_PROMPT_
Every line from the one holding "Dámské tričko s" through the one holding "Marketing also needs" in the data below must be returned exactly, both ends included, with pictures left out and nothing else added.

======== EXERCISE INPUTS ========

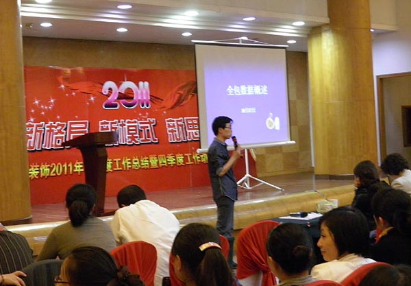 丁總對南京大區前三季度的工作進行了總結,設計費、家裝產值、主材產值都取得了一定的增長;在具體的營銷渠道上,網銷、老客戶、市場活動三箭齊發;推出的全包模式更是取得了一定的突破;我們可以很自豪的說,過去的9個月,我們做的不錯!
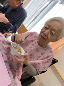 利用者様に桜餅用のごはんに桜色になる魔法の粒粒を
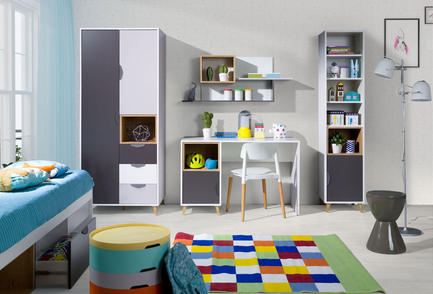 Camera copiilor Juna 6 este un spațiu modern și funcțional care îmbină estetica cu utilizarea practică. Combinația de culori elegante alb, grafit, gri și nuanța caldă a stejarului Lefkas creează o atmosferă armonioasă, ideală pentru activitățile creative și relaxare ale copiilor. Echipamentul camerei include o bibliotecă, o bibliotecă, un raft de perete și o masă pentru PC, care oferă mult spațiu de depozitare și organizare de sprijin. Această cameră este alegerea perfectă pentru părinții care caută o soluție elegantă și practică pentru cei mici.
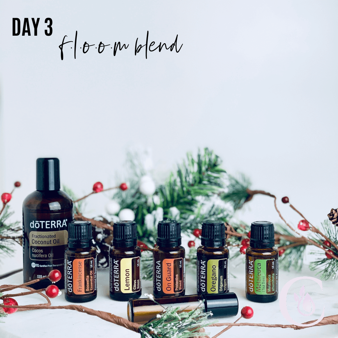 Day 3: F.L.O.O.T Blend (Frankincense, Lemon, Oregano, On Guard, Tea Tree) This blend is a go-to anytime our bodies need some big guns to fight off more of the intense environmental threats. What makes this "Floo bomb" so powerful is the immunity boosting blend of essential oils. These oils not only actively kill pathogens, they also activate your white blood cells so they fight off threats more aggressively. You can take the Floo Bomb internally via a shot glass or a veggie capsule, or make a roller bottle for topical use. (See roller bottle dilution ratios below.)
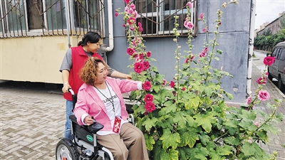 为闫晓霞服务结束后,两位工作人员又马不停蹄地赶到同丰小区,来到从小患有类风湿关节炎的张艮芳家。虽然患病多年,生活几乎不能自理,但性格开朗的张艮芳喜欢坐轮椅外出。“我们除了帮她收拾家务,还陪她在外面散心,赏赏花看看景,让她尽量多呼吸一些新鲜空气,这样心情会更好。”一位工作人员边推轮椅边说。
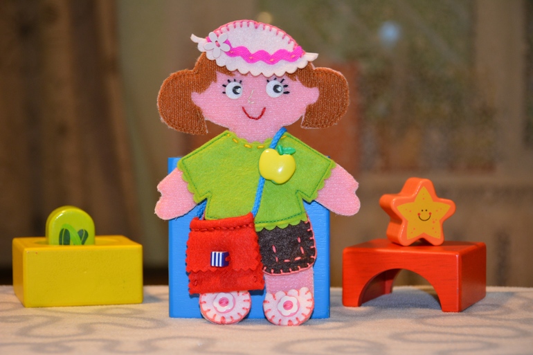 Развивающая кукла с одеждой из фетра. Теперь с сумочкой :)
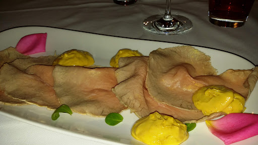This is a small hotel establishment with a restaurant. We only used the restaurant facilities. There was an unpromising entrance, through what seemed to be the family dining area with a TV and a little bar [and a pile of dirty plates on the table!], down a dimly-lit corridor, and then into an open-air courtyard, where the restaurant tables are located. We chose 'mixed cold garden vegetables' as antipasto; this was a complete disappoinment, as the vegetables consisted of no more than a tablespoon of chopped tomatoes, onions and (maybe) carrots, but then topped with a quartered bolied egg and a spoonful of tinned tuna. So, straight away we found the menu was misleading and that tinned produce formed part of the kitchen's inventory. A tagliatelle with veal ragu was tasty, a local grey rabbit was well cooked and full of flavour. The desserts were good and nicely presented. There is a comprehensive wine list with a lot of top end choices - too top heavy for a basic restaurant like this one, in my view.|| On asking for the bill we were directed back out to the family room and bar, where Madame kindly offered us a digestivo while the bill was prepared. I am sorry to say that the 'bill' was simply worked out on a calculator, and we were just presented with a total. [82 Euros for 2]. Personally, and I think this applies to most diners, I like to see an itemised bill. I have been to places before, where you are 'charmed' upon leaving with a little drink, and then just quoted a 'total price'. In my view this is not good restaurant practice.|| Overall, the food and service was acceptable and pleasant, but no more than standard for a town of Alba's size and...
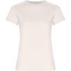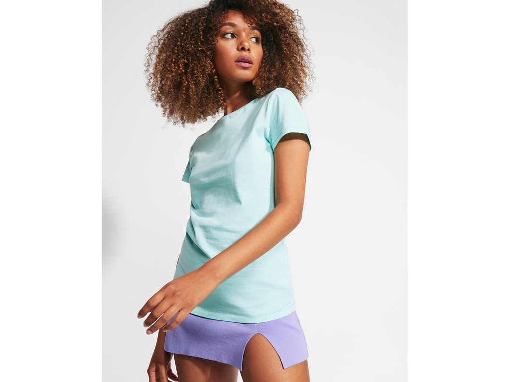 Dámské tričko s krátkým rukávem z organické bavlny, vypasovaný střih. Kulatý průkrčník s žebrováním 1x1. Dekorativní prošití na spodním lemu a rukávech. Boční švy. Barva 58 (melange) - složení 85% bavlna/15% polyester
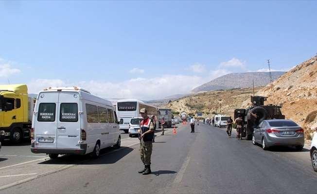 Operasyon nedeniyle karayolu çift taraflı trafiğe kapatıldı. Ulaşıma kapatılan yolda uzun araç kuyrukları oluştu.
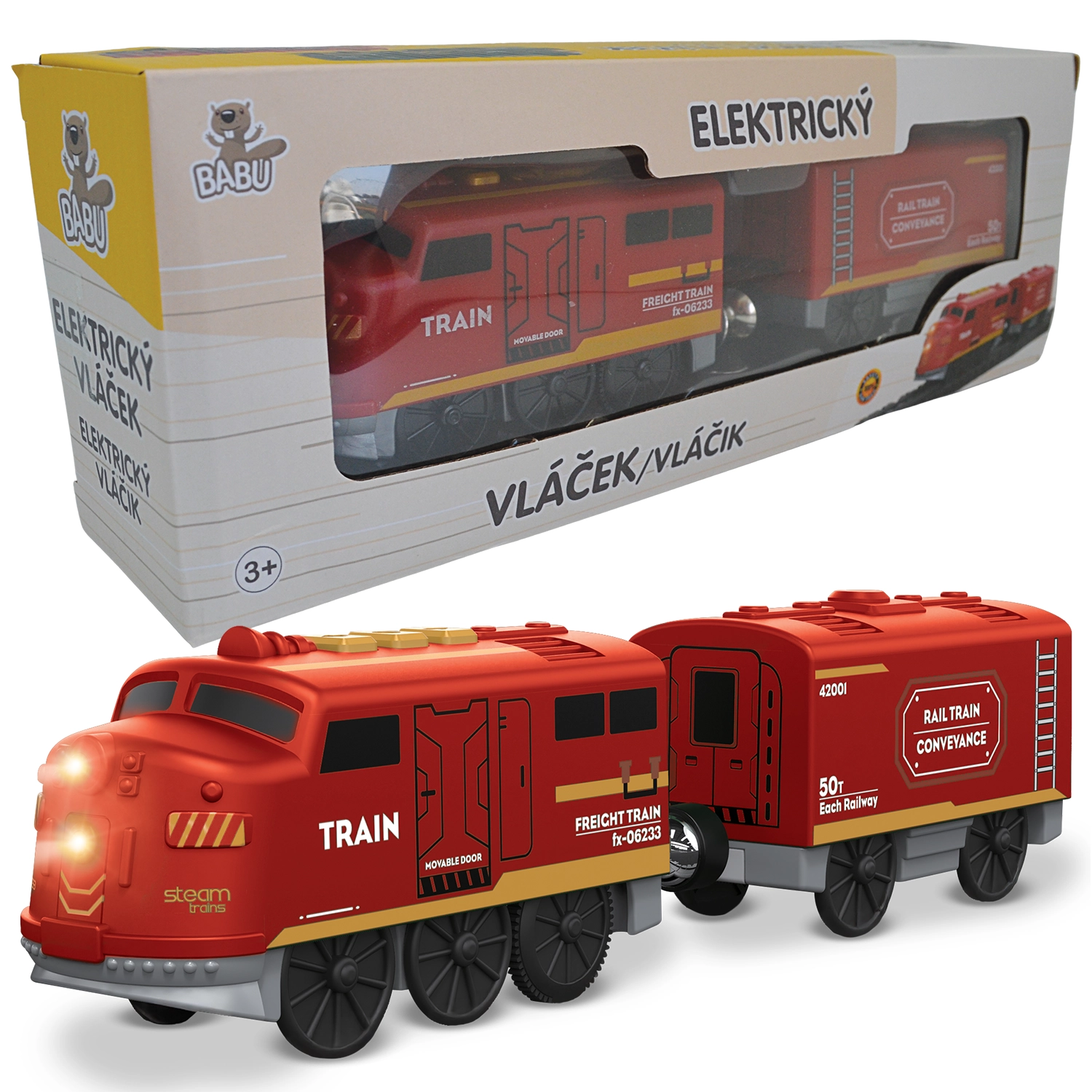 Rødt elektrisk tog BABU i et praktisk 2-delt sæt begejstrer små lokomotivførere med realistiske lys- og lydeffekter, kørsel frem og tilbage samt en sikker STOP-funktion. Takket være magnetiske koblinger tilkobles det nemt, er lavet af kvalitetsplast og understøtter finmotorik, logisk tænkning og kreativ leg.
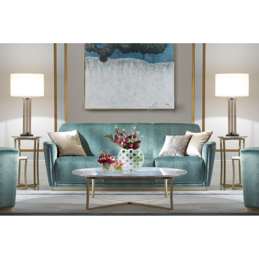Set of contemporary style coffee tables featuring a precious satin brass structure and an elegant circular marble top. The set consists of T163/C central table measuring cm. Ø 120 x h. 35, a high side table measuring cm. Ø 40 x h. 63 and a lower side table measuring cm. Ø 40 x h. 43
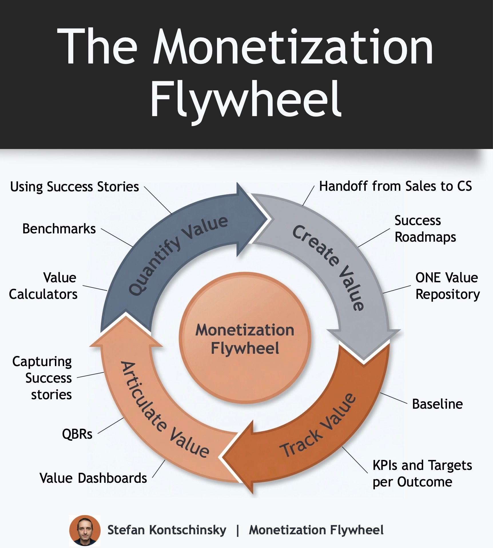 Marketing also needs to document proof points from one customer as inputs for the next prospects. Success stories with quantified outcomes, before-and-after metrics, and Executive’s quotes all strengthen the funnel and help close the next deal. That is how the Monetization Flywheel comes to spin. Value delivered to one customer becomes the proof point for the next one.
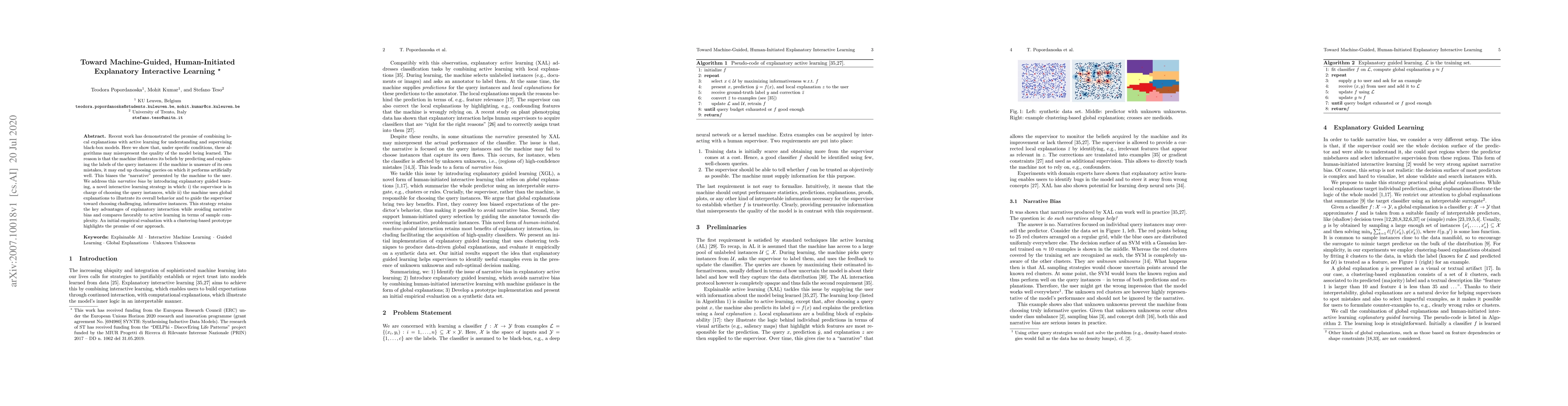 Recent work has demonstrated the promise of combining local explanations with active learning for understanding and supervising black-box models. Here we show that, under specific conditions, these algorithms may misrepresent the quality of the model being learned. The reason is that the machine illustrates its beliefs by predicting and explaining the labels of the query instances: if the machine is unaware of its own mistakes, it may end up choosing queries on which it performs artificially well. This biases the "narrative" presented by the machine to the user.We address this narrative bias by introducing explanatory guided learning, a novel interactive learning strategy in which: i) the supervisor is in charge of choosing the query instances, while ii) the machine uses global explanations to illustrate its overall behavior and to guide the supervisor toward choosing challenging, informative instances. This strategy retains the key advantages of explanatory interaction while avoiding narrative bias and compares favorably to active learning in terms of sample complexity. An initial empirical evaluation with a clustering-based prototype highlights the promise of our approach.
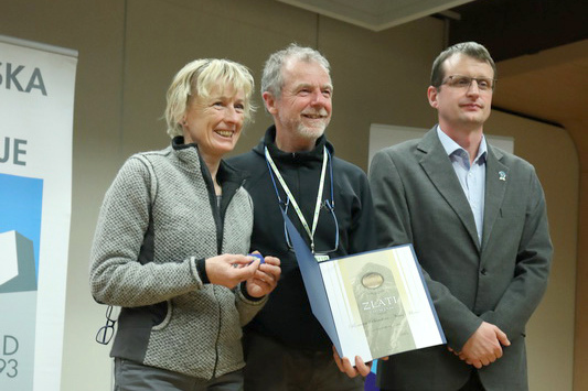 Nives Meroi in Roman Benet dobitnika zlatega častnega znaka planinske zveze (STA)
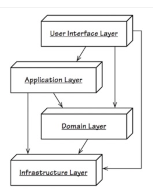 在DDD中,標準的工程結構分為4層。用户接口層、應用層、領域層和基礎設施層。
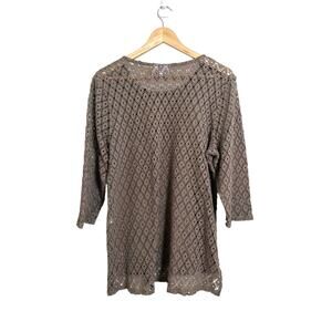 Chico's Women's Brown 3/4 Sleeve Mesh Casual Shell Blouse Size 3 (XL)
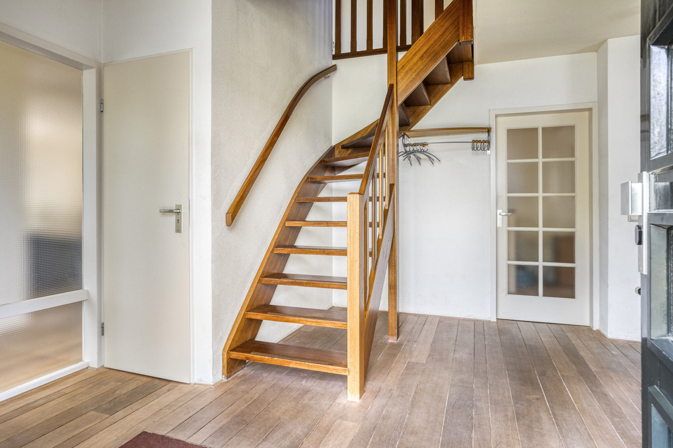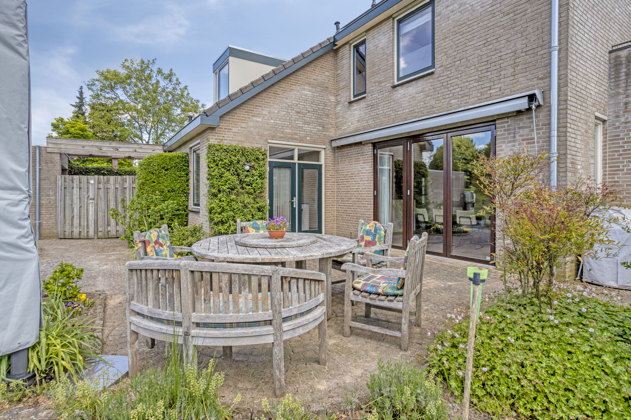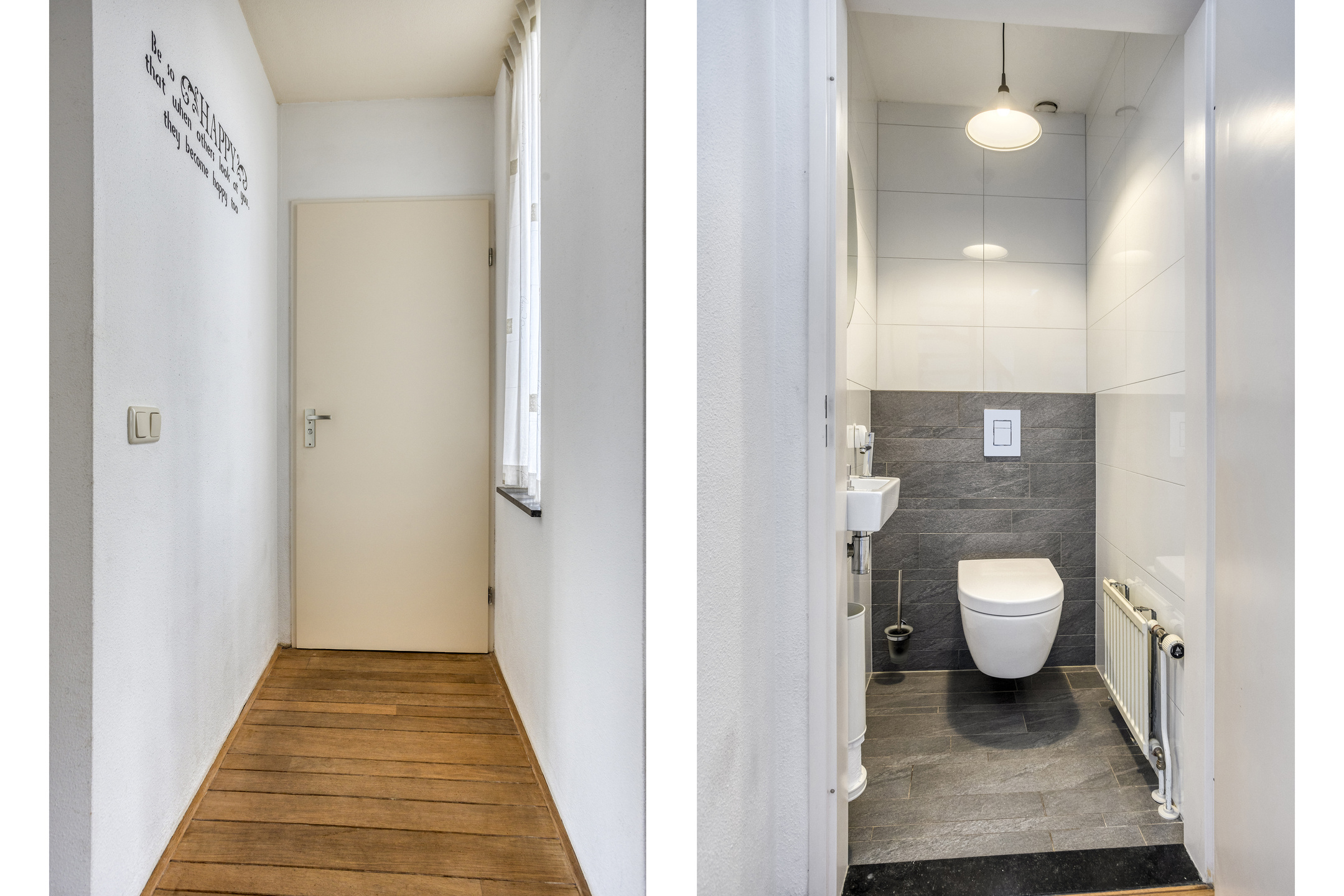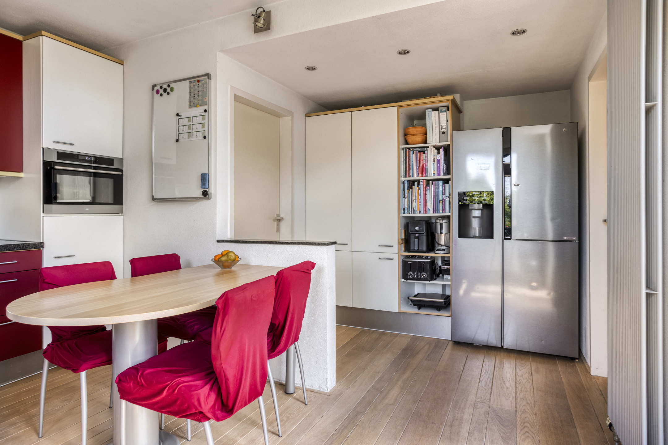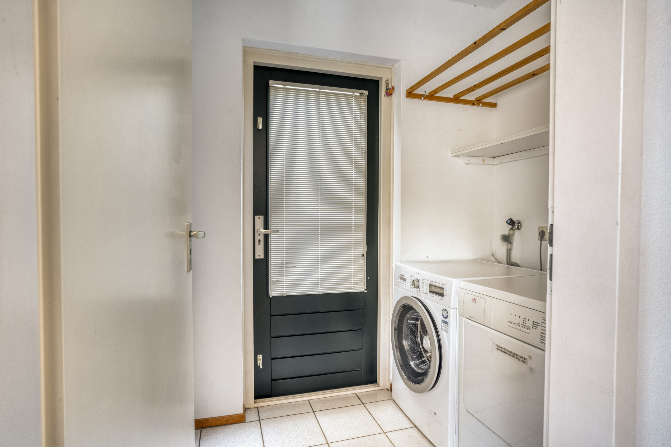 De houthaard en massief houten vloer zorgen daarbij voor een prettige sfeer. Aangrenzend bevindt zich een halfopen werkkamer – perfect als thuiswerkplek of speelkamer en indien gewenst eenvoudig af te sluiten. De dichte keuken is voorzien van inbouwapparatuur en van een goed formaat, waardoor hier ook een eettafel in past. Het raam en de openslaande deuren geven toegang en zicht op de verzorgde tuin. Aangrenzend is er nog een praktische bijkeuken waar zich ook de plek van de wasmachine en droger bevindt.

========

_WRITTEN SOLUTION_
 Dámské tričko s krátkým rukávem z organické bavlny, vypasovaný střih. Kulatý průkrčník s žebrováním 1x1. Dekorativní prošití na spodním lemu a rukávech. Boční švy. Barva 58 (melange) - složení 85% bavlna/15% polyester
 Operasyon nedeniyle karayolu çift taraflı trafiğe kapatıldı. Ulaşıma kapatılan yolda uzun araç kuyrukları oluştu.
 Rødt elektrisk tog BABU i et praktisk 2-delt sæt begejstrer små lokomotivførere med realistiske lys- og lydeffekter, kørsel frem og tilbage samt en sikker STOP-funktion. Takket være magnetiske koblinger tilkobles det nemt, er lavet af kvalitetsplast og understøtter finmotorik, logisk tænkning og kreativ leg.
Set of contemporary style coffee tables featuring a precious satin brass structure and an elegant circular marble top. The set consists of T163/C central table measuring cm. Ø 120 x h. 35, a high side table measuring cm. Ø 40 x h. 63 and a lower side table measuring cm. Ø 40 x h. 43
 Marketing also needs to document proof points from one customer as inputs for the next prospects. Success stories with quantified outcomes, before-and-after metrics, and Executive’s quotes all strengthen the funnel and help close the next deal. That is how the Monetization Flywheel comes to spin. Value delivered to one customer becomes the proof point for the next one.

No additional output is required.